WELCOME to our weekly feature where we look back at the pictures that made the headlines this week.

As Easter approaches youngsters from the Stepping Stones nursery in Stowmarket have been nurturing baby chicks hatched as part of an education project and also Sidegate Lane Nursing Home took delivery of 12 eggs as part of a Living Eggs Experience so the residents could watch them hatch and then handle the newborn chicks.

People have been very busy helping charities this week as almost every business in Framlingham volunteered to join in and get staff to wear colourful, silly or just plain garish ties in order to raise cash on Red Nose Day and theatre staff and volunteers donned an array of comedy ties to support the Comic Relief cause. The team at the Theatre Royal, in Bury St Edmunds, got behind BBC Radio Suffolk’s Comedy Ties appeal to help raise money for Red Nose Day. There was a also burlesque dance event that helped to raise more than £2,500 for a Suffolk hospice at a charity party.

Pupils from Worlingworth Primary School, near Framlingham, dressed to impress for World Book Day last Friday.

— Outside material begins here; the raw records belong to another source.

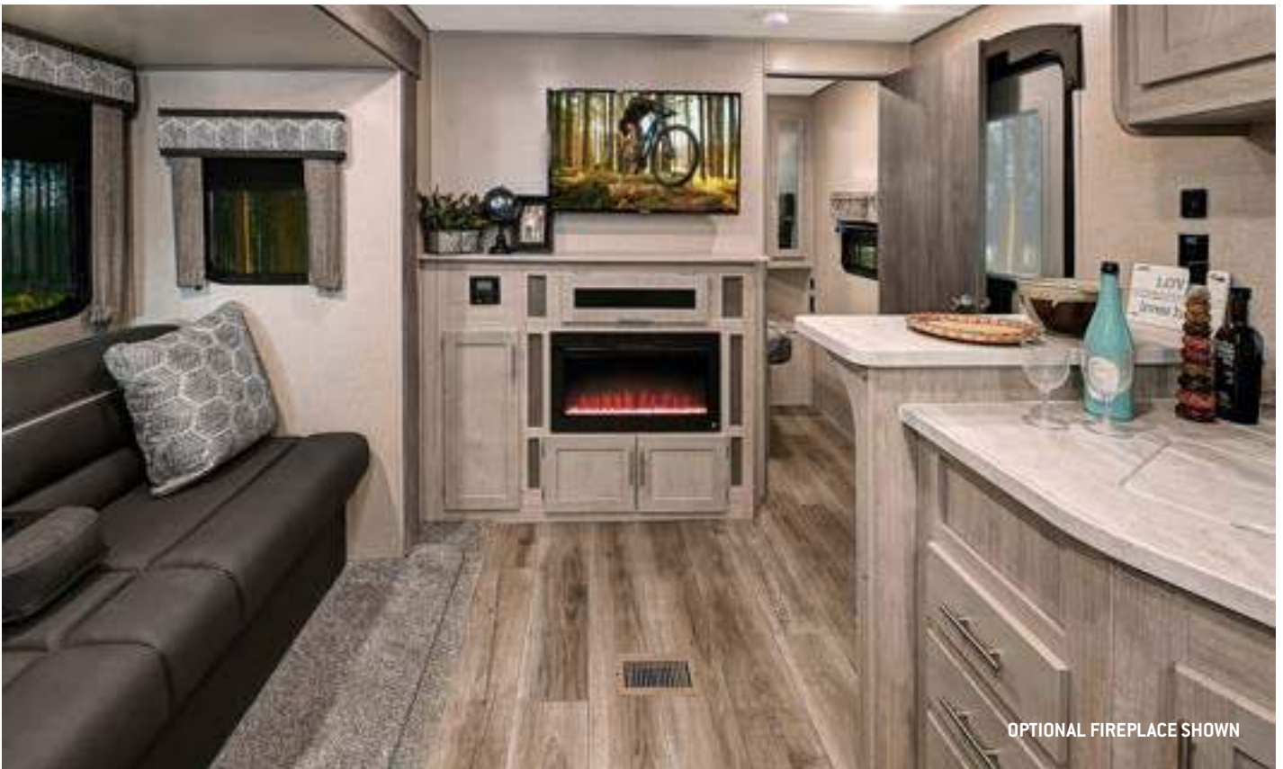
OPTIONAL FIREPLACE SHOWN

The popular 243RBS is the ideal couple's coach! This floor plan boasts a full size super slide with both a dinette and sofa, a spacious rear bathroom with a walk-in shower, extra-large pantry/wardrobe storage, a breakfast bar and private bedroom. The half-ton friendly towing weight and under 30' real length makes this camper perfect for cross country travel or local weekend getaways!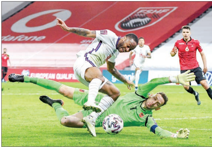
England’s forward Raheem Sterling (L) fights for the ball with Albania’s goalkeeper Etrit Berisha (R) during the FIFA World Cup Qatar 2022 qualification Group I football match between Albania and England at the Air Albania Stadium, in Tirana on 28 March 2021.

ENGLAND manager Gareth Southgate says it has taken Thomas Tuchel’s arrival at Chelsea to persuade many fans that Mason Mount is an “exceptional player.”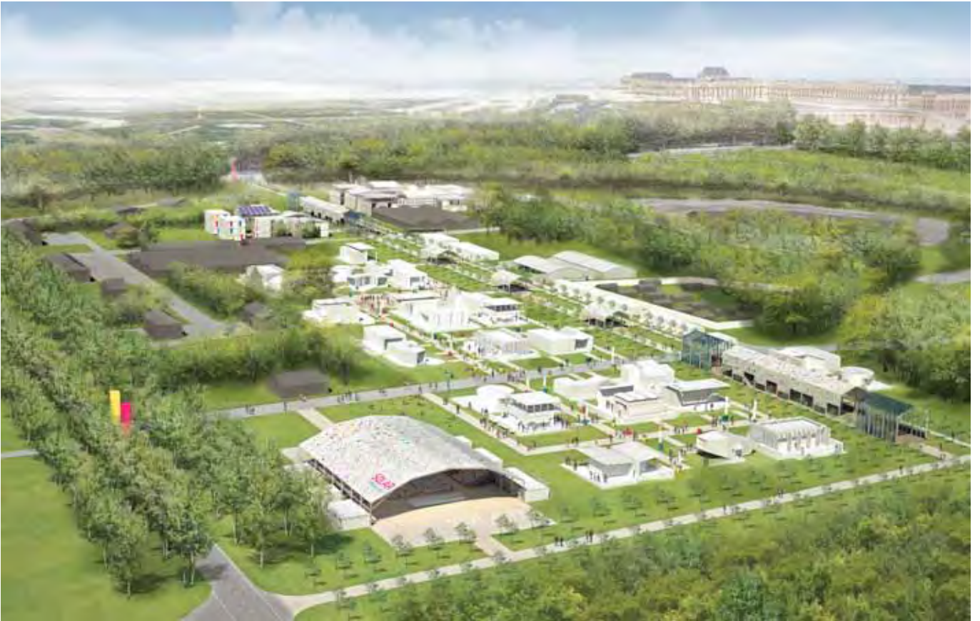
Digital rendering of La Cité du Soleil® made with Allplan and Cinema 4D – Nemetscheck and Maxon, official software partners.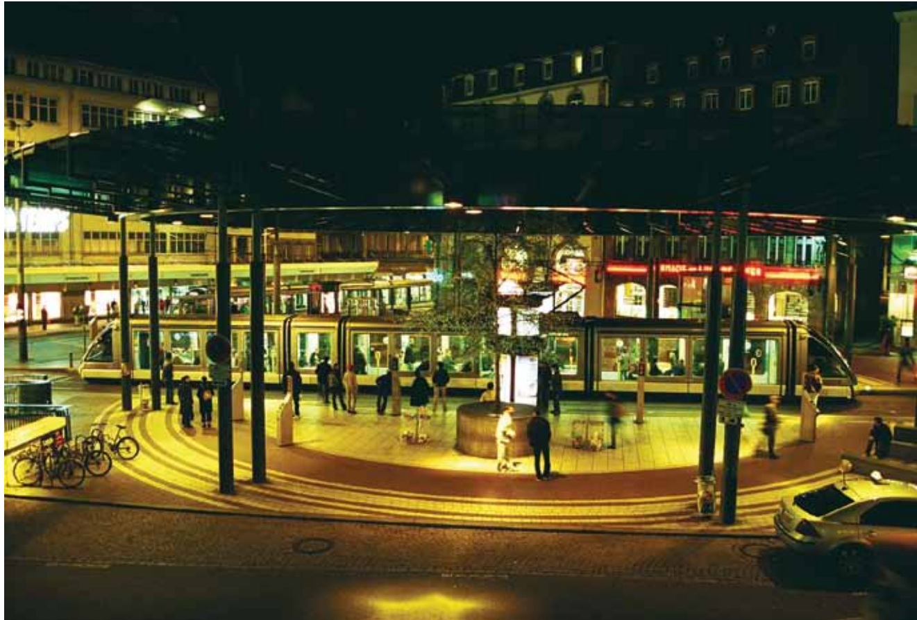
HIGH QUALITY LIGHTING CAN ENHANCE LRT STOP APPEARANCE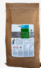
tuffflow - dark grey bound permeable jointing mortar

Steintec ® high performance paving mortars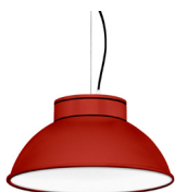
16: RAL 3000 Flame red textured 10: RAL9010 Pure White textured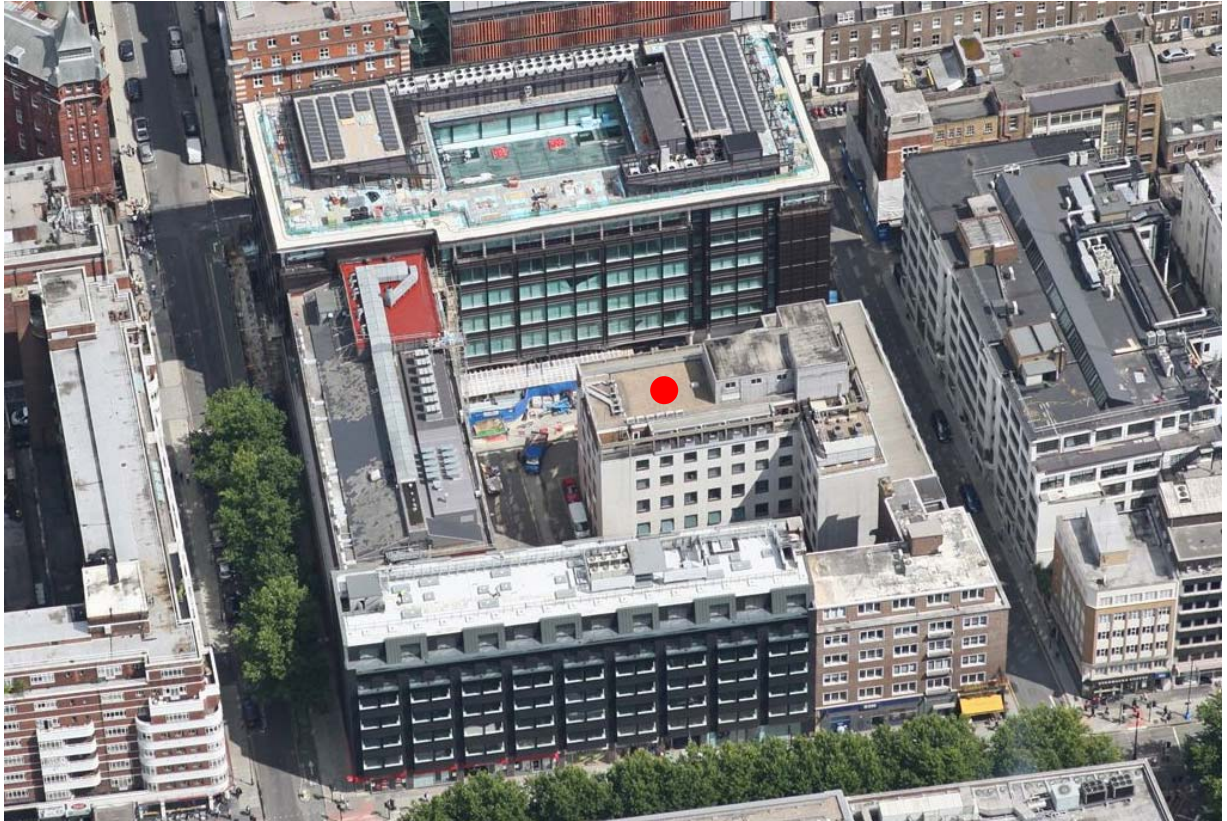
West View – with Tottenham Court Road at the bottom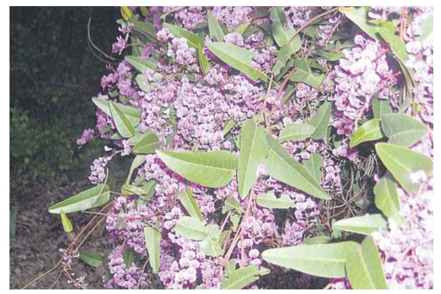
Purple Lilac Vine is a colorful winter blooming vine for fences, walls, and arbors. (Hardenbergia violaceae)

One of the items on my agenda for the year is to enrich my vegetable garden with compost, mulch, legume planting, and crop rotation. The date for each task is chronicled and I have written down in my gardening journal the specifics, how I will measure, achieve, be realistic, and time my endeavors. My reward will be a healthy harvest of delectable freshness that I'll be able to share with family, friends, and colleagues.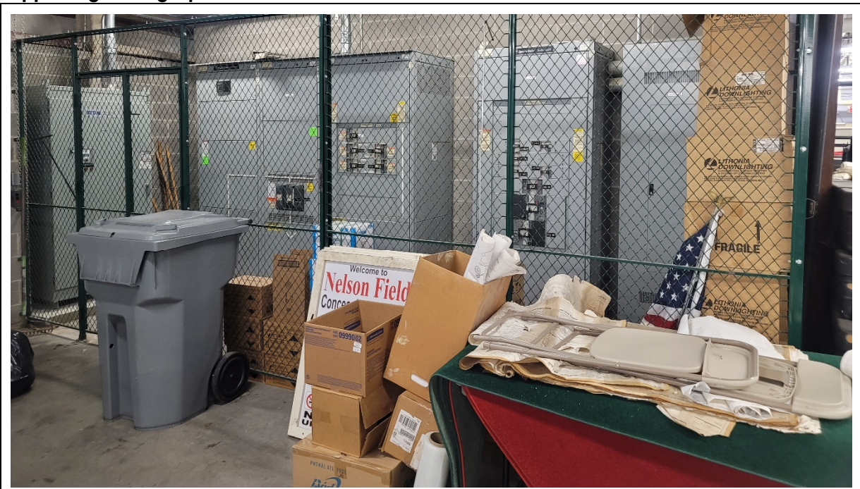
Storage area shares space with electrical panels and mechanical equipment. This makes it hard to do maintenance and stored items need to be moved.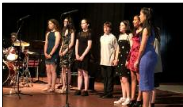
AN EVENING OF CELEBRATION: At the CASA awards.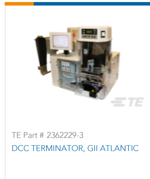
TE Part # 2362229-3 DCC TERMINATOR, GII ATLANTIC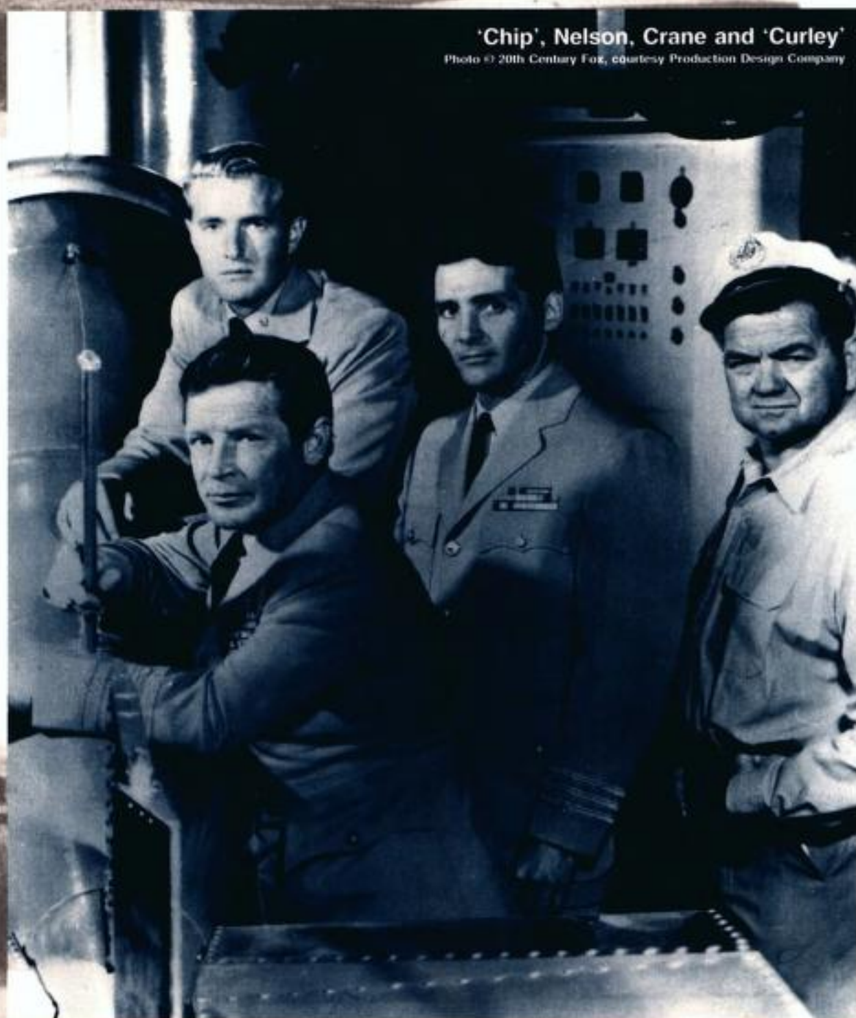
'Chip', Nelson, Crane and 'Curley'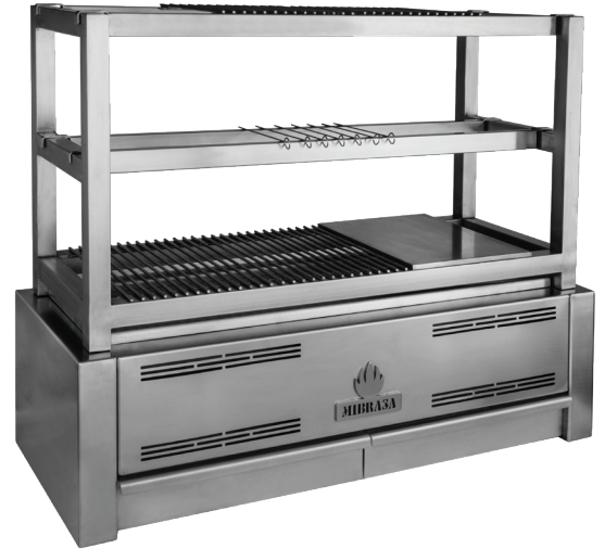
* Photo above features the Robatayaki RM115.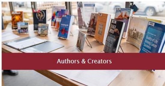
Authors & Creators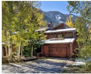
Listed by East Vail Team 4999 Main Gore Drive #A $1,385,000 - asking price 4 bedrooms & private location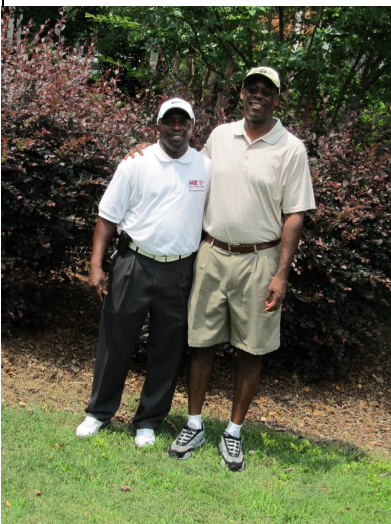
Closest to the Pin Winner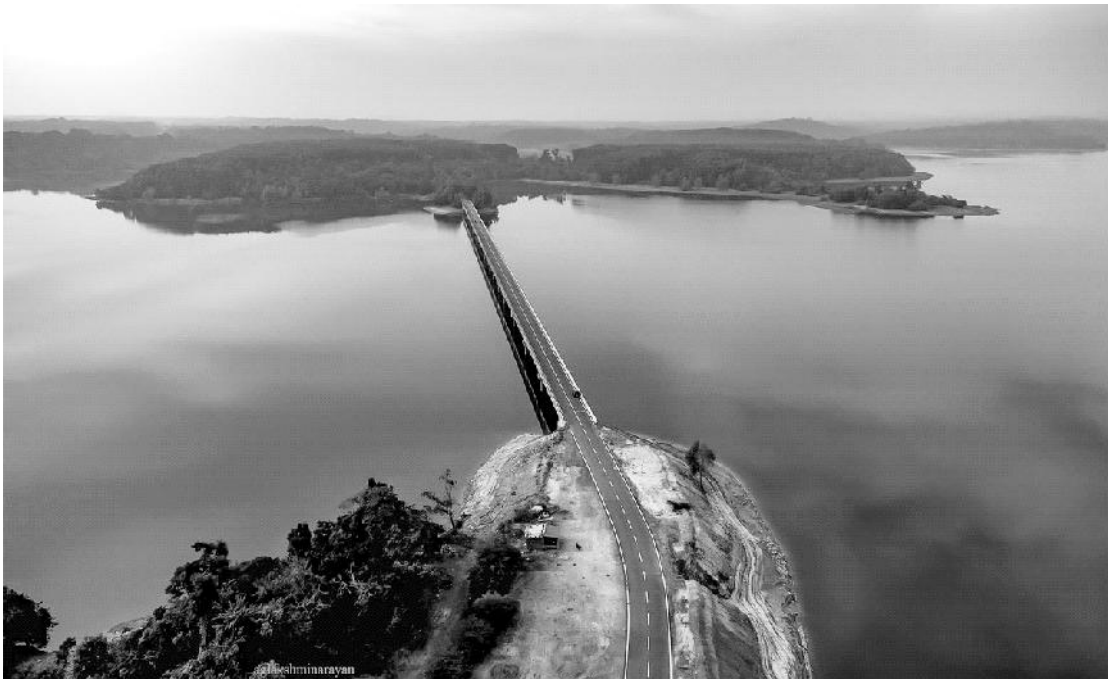
Construction of Bridge at Sagar Pattaguppa Road in Hosanagar Taluk in Shimoga District

Parents also came in to read their favourite stories to the children and Year 10 students at Debenham High School have been improving road safety by selling reflective kits to youngsters to use on the roads when they travel to and from school.

There was amazement and joy for students at King Edward VI Schol, Bury St Edmunds, as they had a science lesson with a difference after an Apache helicopter landed on its playing fields and other students at Finborough School, in Stowmarket, were given a tour of the Red Bull Formula One factory in Milton Keynes.

A total of 60 Suffolk primary schools were took part in The Young Art East Anglia exhibition, with hundreds of pupils submitting work along the theme of “magical moment” and a magical moment of a different kind happened as the cap on Burwell’s historic mill was hoisted off by crane yesterday as part of an £420,000 restoration project funded by the Heritage Lottery Fund.

Walkers have been taken on a journey back in time to the Victorian era as The themed “Victorian Gaiters” stroll around Sudbury on Saturday was led by professional guides in full period costume.

In our last story to be covered here, Jack Bayes, has overcome a disability and outdone his competition to become a martial arts champion. The Benjamin Britten High School pupil saw off tough rivals to win two trophies at a karate tournament, less than a year after taking up the martial art.